Earthquakes –they’re all the same, right? Well, the answer to that is more like a politician’s reply than a scientist’s… it’s yes, and it’s no. Earthquakes are complicated things, caused by the earth’s tectonic plates moving in different ways and the shaking they produce is affected in different ways by local geology. We recently received a question, “Why do some earthquakes feel different? Some seem to shake side-to-side, and some seem to almost roll. What causes that?”
Let’s have a look at how these different types of quakes work.
Plate Movement Causes Earthquakes
It’s simplest to describe three types of movement which cause earthquakes. Some occur where plates move past one another and the movement is lateral. Sometimes the plates move apart and parts of the earth drop down: this is known as normal faulting. Where plates move together, and a plate or part of a plate is forced upwards, it’s called reverse faulting.

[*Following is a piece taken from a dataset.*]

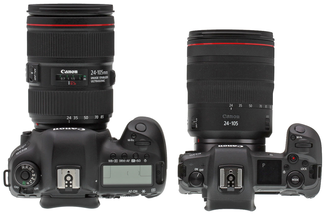 5D IV with EF 24-105mm f/4L IS II USM versus EOS R with RF 24-105mm f/4L IS USM. |

Body Waves and Surface Waves
Despite their varying origins, all earthquakes generate two main types of seismic waves – surface waves, which, as their name suggests, travel along the surface of the earth, and body waves, which travel through the earth itself. These waves generate different types of shaking and various factors affect how they are felt on the surface.
Let’s take body waves first. There are two types: ‘P’ waves, which have compressional motion (backwards and forwards) in the same direction as the wave motion: and ‘S’ waves in which there is shear motion (i.e. movement at right angles, vertically or horizontally or a combination, to the wave motion). Of these, ‘P’ waves are faster-moving.
Surface waves also come in two types – Love waves, which also involve shear movement though only in the horizontal plane; and Rayleigh waves, which are more like ocean waves and which generate a rolling motion. It is the surface waves which are responsible for most earthquake damage.